Setting up the base

PW in the living room

We are now in Helsinki. We live in an area called "Roihuvuori" , loosely translatable as Blaze Mountain. It's certainly been hot. I'm sweating rivers every time we go out to do anything. 

We were going to have a lovely time with family last week, with a wedding and a barbeque and all... but I got sick. The night before the wedding. A head cold or flu or whatever, and it's still going on five days later although after the first night I don't think I've had any fever. A drag. But yesterday my mother drove us to Helsinki from my sister's house - about 2 h drive. We're in a suburban area of the capital city, in the eastern part. I'm not overly familiar with Eastern Helsinki. We have an apartment with three bedrooms in a bigger building. One of the bedrooms is bizarre. It's situated between the other two and there's no window. For light, one of the walls is glass, but such clean glass that IT has now twice walked into the glass, trying to step into our bedroom. (There are curtains on both sides of the glass, so you can get privacy.)

Glass wall

Today we took care of some paperwork. We got phone plans for PW and IT (I already had one) and went to the office for Digital and Population Data Services Agency. PW needed to register with his residency card and IT and I needed to make an address change. The wait time was short and we were served by the nicest, kindest lady ever. But the processing may take a month, unfortunately. 
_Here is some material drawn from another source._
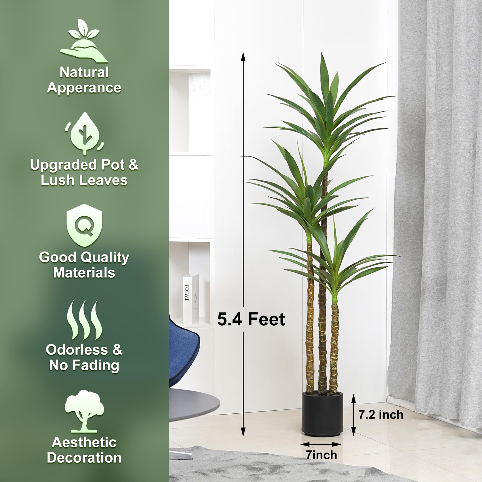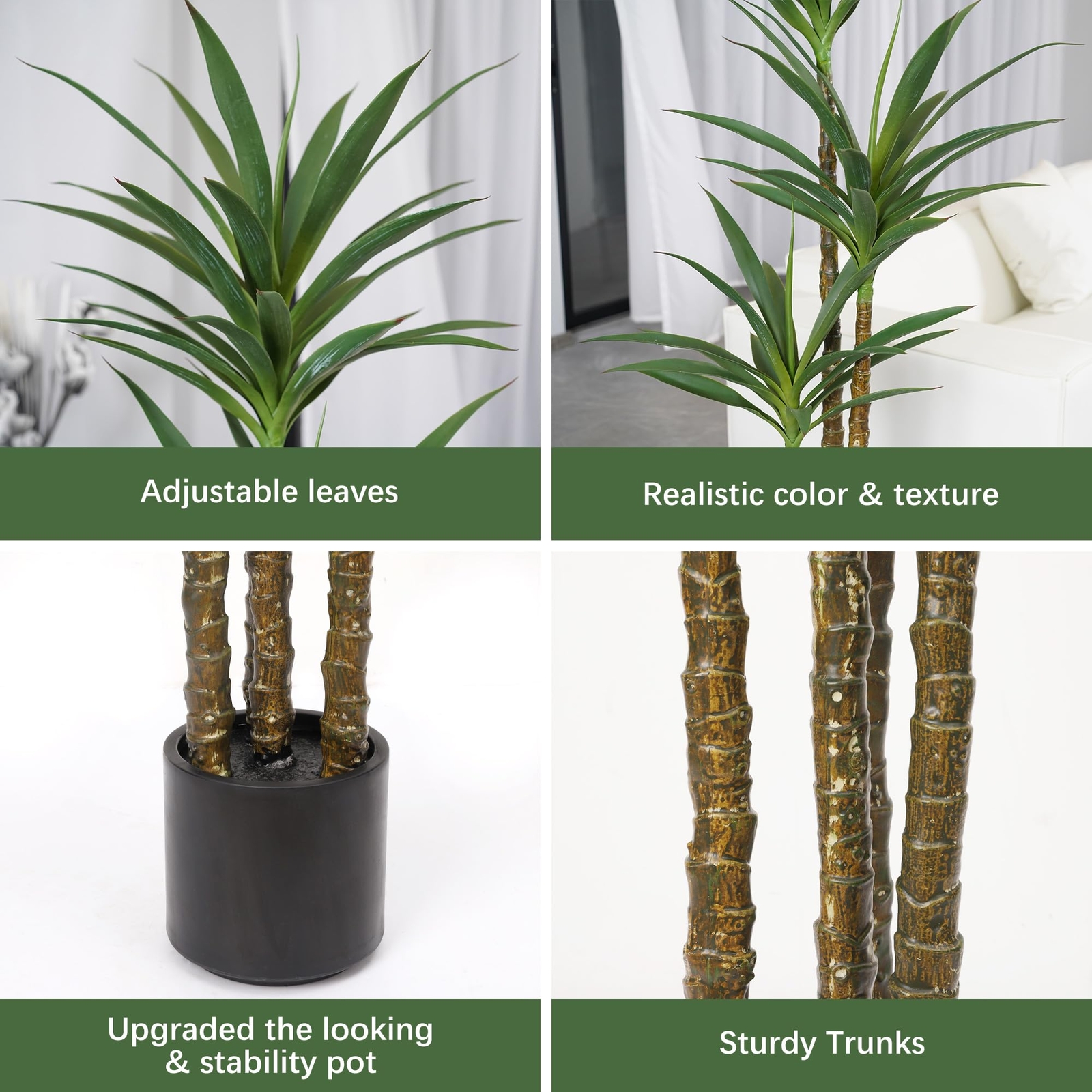 Lifelike Look & Good Quality: It looks as close to reality as possible. They are of the good quality in terms of color, texture and material. Carefully crafted to mimic the yucca plant is virtually indistinguishable from the real one. Agave Yucca Tree Flower Language : "Thriving day by day, Great auspicious". It's a great choice for a housewarming gift for friends, relatives, colleagues. All Year Round & Anyplace Decor : It compliments just about any setting and season. Perfect for placing in office, conference room, study room, living room, bedroom, outdoors, garden, porch, patio etc. Safe Materials & Simple Maintenance: All materials are flame-retardant treated, without any odor, Resistant to Sun, Water, Ice, Snow, and all Pests.So it is no problem even if placed in a sealed environment.If them happen to get a little dusty, simply wipe clean with a damp cloth or duster. : Professional decoration, bring a touch of aesthetic to your space.If you have any question, please feel free to contact us, we will serve you wholeheartedly.

What is really frustrating in all these bureaucratic contrivances is that the Finns mostly do them all online, but they use something called strong authentication. If you have a Finnish bank account you mostly have this service, to do your banking online. But the banks charge some money every month for their online services whether you use them or not, and I've thus closed my Finnish bank account years ago. So I have no strong authentication and it's hard or impossible to do things online. On the other hand, since everyone ELSE does them online, the agency buildings are much less crowded than, for instance, in the US. 

We decided to do something nice but important while we were out and about: visit the huge library downtown, Oodi, and get library cards. I might have gotten a bit emotional. Finally, after all these years, I have a Finnish library card! I can probably also use it for e-books when I'm back to the US.


Suburban Eastern Helsinki

Comments

  1. Poor IT, bumping into the glass wall like a confused bird! Poor Blaze Mountaineer, perspiring and feeling ill! Predictable PW, typing away at a laptop, cool as a cucumber.